Shania wanted to disappear, to melt into a puddle on the floor. She also wanted to be grateful. But she couldn’t do either. She was still too stunned to speak. She clasped her hands before her. Her manicured nails clicked.
He waved her over with his fingers. “Come back inside. We’ll discuss a contract.”
This was it. Her break.
Elmwood put his arm around her shoulder and walked back into the studio with her.
#
The next day, Shania arrived at Sixteenth Street Studio early. She found a café next door and ordered a green tea with honey and lemon and sipped it by the window. For the first time, she didn’t feel like nobody among the crowd. She was a real singer.
As she rode the elevator up to the studio, she felt constricted, out of breath. She closed her eyes and forced herself to breathe slowly. This was it. She couldn’t blow it. She might never get a chance like this again.
When the chrome doors split, the music greeted her. It came from the end of the hall, a door was cracked open. The beat was raw. Elemental. And Elmwood rapped over it, freestyling, throwing it out into the universe. She stepped onto the linoleum floor to listen.
“My life laying down bricks, building walls only I climb. Getting higher, higher than Gestapo on homicide.”

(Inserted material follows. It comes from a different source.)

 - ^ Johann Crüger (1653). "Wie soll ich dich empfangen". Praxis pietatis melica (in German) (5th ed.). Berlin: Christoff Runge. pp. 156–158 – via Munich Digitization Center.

The beat stopped. She heard loud, debating voices. She walked in and felt electricity charge through her. The studio space was decorated with black furniture with metallic undertones. The engineer tweaked knobs on the enormous console and peered into the Apple screen. A large black man in a striped polo shirt sat on a leather couch with a blunt in his hand. Blue smoke swirled above him like a nest of snakes.

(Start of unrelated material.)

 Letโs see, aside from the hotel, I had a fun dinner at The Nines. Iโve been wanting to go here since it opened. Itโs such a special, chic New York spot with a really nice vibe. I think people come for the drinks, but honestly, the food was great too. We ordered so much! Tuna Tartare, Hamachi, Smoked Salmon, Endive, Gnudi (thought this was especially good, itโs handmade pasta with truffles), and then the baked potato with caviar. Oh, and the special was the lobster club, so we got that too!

“She’s here,” the engineer said into the microphone. Elmwood placed his headphones on a music stand and came out of the booth.
“My girl,” Elmwood said. He put his arm on her shoulder and led her to the couch. Although she wore leggings under her skirt, she felt the cool touch of leather. Elmwood sat on the glass table in front of her. Then he instructed the engineer to pull up a track.

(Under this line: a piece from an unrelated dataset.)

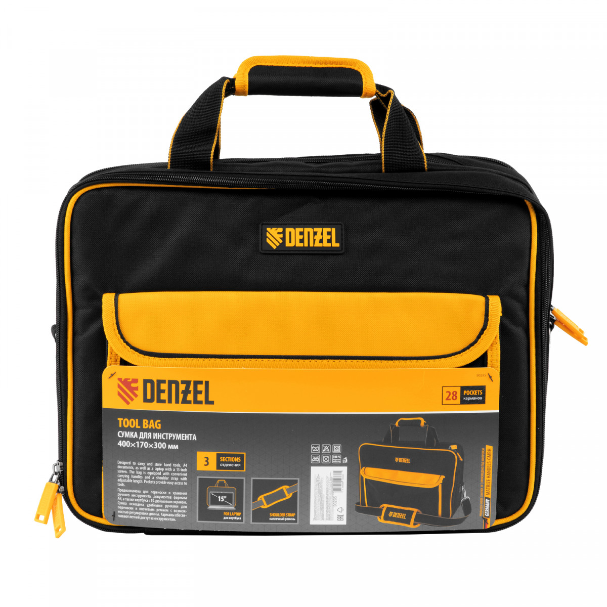 Сумка для инструмента, 400х170х300 мм, 3 отделения, 28 карманов, наплечный ремень Denzel

“Came up with this yesterday,” he said. “I need you to sing the hook.”
He motioned to the other guy on the couch, who handed Shania a sheet of lyrics. Pencil marks littered the page. Elmwood closed his eyes and hummed to teach her the part.
Shania joined in during the second chorus.
“She’s got it!” he said.
The man on the couch nodded with his whole body, his bald head wobbling back and forth like a teetering bowling pin. He took a deep drag on the blunt.
Shania entered the booth and sat on the stool next to a dangling microphone. Elmwood grabbed another set of headphones off a hook and lowered them onto Shania’s head. He gently brushed her hair out of her eyes. His fingers grazed her neck below her ear. Shania ignored it.
Elmwood took a seat next to the engineer and twirled his finger. A red light flipped on in the booth.
The chorus played. Shania belted the words, hitting the right notes.
Within seconds, Elmwood gestured across his throat. The engineer cut the music.
“Now, Sha-nae-nae,” Elmwood said, leaning toward the microphone. “This isn’t your hall church choir. This isn’t praise service. This is sensual. I need your worship voice. Give me smooth for this track.”
He hummed the melody gentler than he had before.
“Imagine you’re making slow love.” He closed his eyes and snaked his body, grinding on the chair. “Love on that good D.”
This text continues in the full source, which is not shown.